══ Data provided ══

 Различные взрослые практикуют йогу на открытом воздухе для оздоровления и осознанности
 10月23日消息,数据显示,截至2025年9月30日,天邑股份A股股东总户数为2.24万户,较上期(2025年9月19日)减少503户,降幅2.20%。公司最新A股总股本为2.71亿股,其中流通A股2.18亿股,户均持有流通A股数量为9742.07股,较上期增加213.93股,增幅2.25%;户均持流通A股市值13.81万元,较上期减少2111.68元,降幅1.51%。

═══
══ Data provided ══

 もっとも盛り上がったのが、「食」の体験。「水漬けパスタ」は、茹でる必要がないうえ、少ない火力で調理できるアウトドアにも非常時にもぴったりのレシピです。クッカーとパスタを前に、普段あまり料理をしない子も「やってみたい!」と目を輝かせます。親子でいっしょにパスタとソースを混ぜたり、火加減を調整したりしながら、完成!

═══
══ Data provided ══

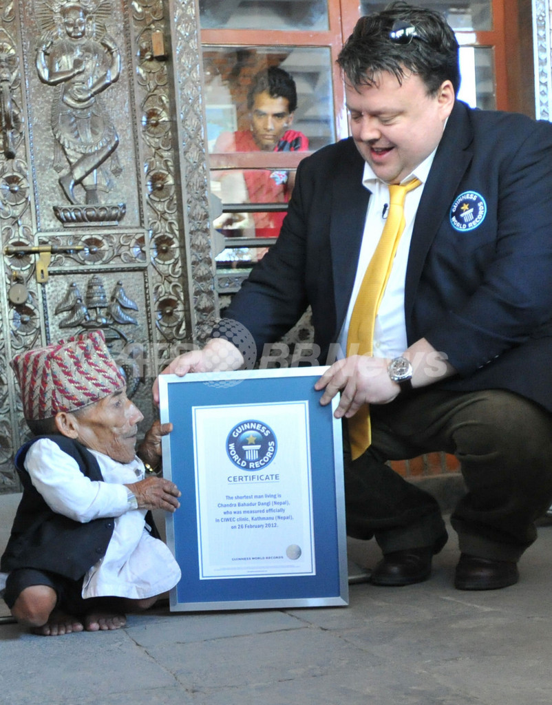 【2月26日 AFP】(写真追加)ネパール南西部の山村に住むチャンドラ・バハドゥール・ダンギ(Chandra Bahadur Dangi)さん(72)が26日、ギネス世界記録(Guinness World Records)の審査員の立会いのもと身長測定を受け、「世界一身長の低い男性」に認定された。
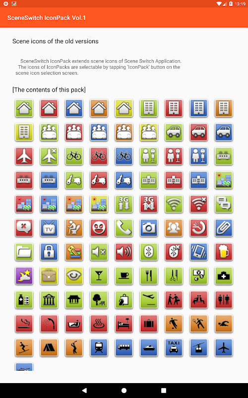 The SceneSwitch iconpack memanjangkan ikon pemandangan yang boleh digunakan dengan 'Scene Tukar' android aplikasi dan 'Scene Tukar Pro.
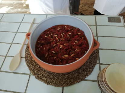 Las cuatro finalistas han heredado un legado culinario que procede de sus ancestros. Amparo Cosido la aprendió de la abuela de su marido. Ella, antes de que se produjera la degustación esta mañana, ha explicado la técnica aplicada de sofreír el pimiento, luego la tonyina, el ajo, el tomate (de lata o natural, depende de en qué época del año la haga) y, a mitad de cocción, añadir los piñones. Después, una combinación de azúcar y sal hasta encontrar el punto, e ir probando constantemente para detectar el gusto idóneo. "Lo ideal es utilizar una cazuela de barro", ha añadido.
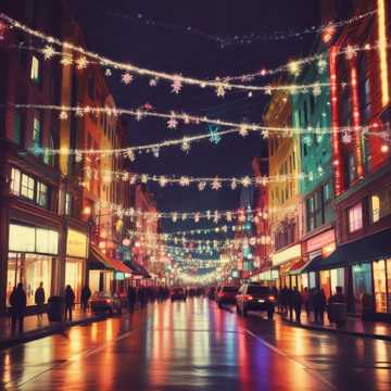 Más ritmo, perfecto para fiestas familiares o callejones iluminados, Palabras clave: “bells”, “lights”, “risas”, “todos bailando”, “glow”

═══

Excluding any pictures, print exactly the lines of the listing above from the line with "The SceneSwitch iconpack" to the line with "Las cuatro finalistas", both ends included.

Result of this exercise >>
 The SceneSwitch iconpack memanjangkan ikon pemandangan yang boleh digunakan dengan 'Scene Tukar' android aplikasi dan 'Scene Tukar Pro.
 Las cuatro finalistas han heredado un legado culinario que procede de sus ancestros. Amparo Cosido la aprendió de la abuela de su marido. Ella, antes de que se produjera la degustación esta mañana, ha explicado la técnica aplicada de sofreír el pimiento, luego la tonyina, el ajo, el tomate (de lata o natural, depende de en qué época del año la haga) y, a mitad de cocción, añadir los piñones. Después, una combinación de azúcar y sal hasta encontrar el punto, e ir probando constantemente para detectar el gusto idóneo. "Lo ideal es utilizar una cazuela de barro", ha añadido.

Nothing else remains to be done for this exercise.